Task goal ▸ With the pictures omitted, write out all of the listing exactly.

Available data ▸
※
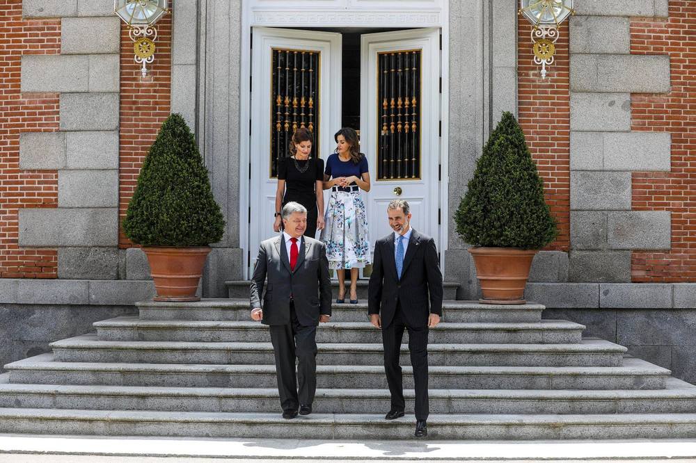 Сегодня, 4 июня, президент Украины Петр Порошенко вместе с первой леди Мариной Порошенко встретился с королем Филиппом VI и его супругой в рамках официального визита. Фото встречи были опубликованы на официальной странице главы Украины в Facebook.
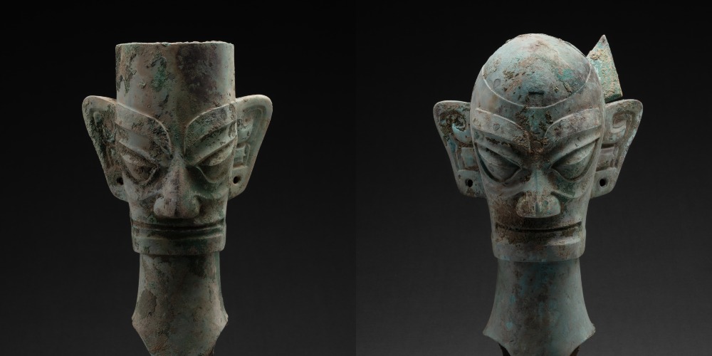 青銅人頭像是三星堆文明中極具代表性的一類青銅器,截至目前發現的人頭像主要有平頭與圓頭兩種,平頭者辮發,圓頭者戴發簪,眉眼塗黑的情況較為常見。
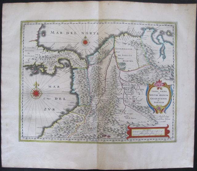 Descriptio Terræ Firmæ, Novi regni Granatensis, et Popayan. "Terra firma et Novum Regnum Granatensis et Popayan." Amsterdam Apud Johannem Guiljelmi F. Blaeu. c1655
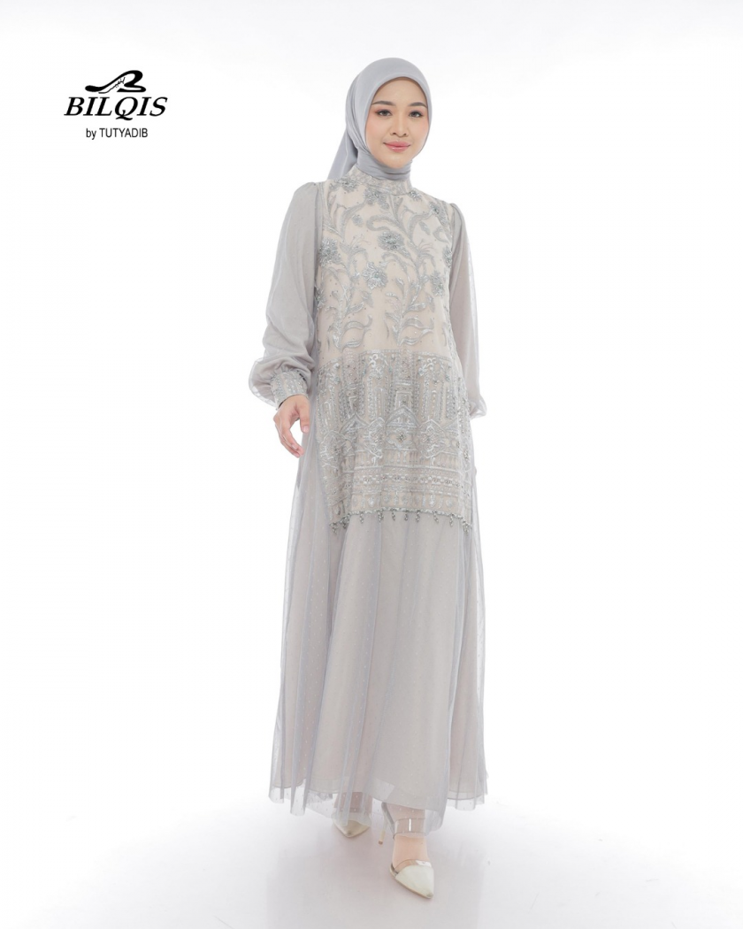 Dirancang dengan detail halus dan warna yang menenangkan,dress ini menjadi simbol keanggunan perempuan di Hari Raya.
※
Worked solution ▸
 Сегодня, 4 июня, президент Украины Петр Порошенко вместе с первой леди Мариной Порошенко встретился с королем Филиппом VI и его супругой в рамках официального визита. Фото встречи были опубликованы на официальной странице главы Украины в Facebook.
 青銅人頭像是三星堆文明中極具代表性的一類青銅器,截至目前發現的人頭像主要有平頭與圓頭兩種,平頭者辮發,圓頭者戴發簪,眉眼塗黑的情況較為常見。
 Descriptio Terræ Firmæ, Novi regni Granatensis, et Popayan. "Terra firma et Novum Regnum Granatensis et Popayan." Amsterdam Apud Johannem Guiljelmi F. Blaeu. c1655
 Dirancang dengan detail halus dan warna yang menenangkan,dress ini menjadi simbol keanggunan perempuan di Hari Raya.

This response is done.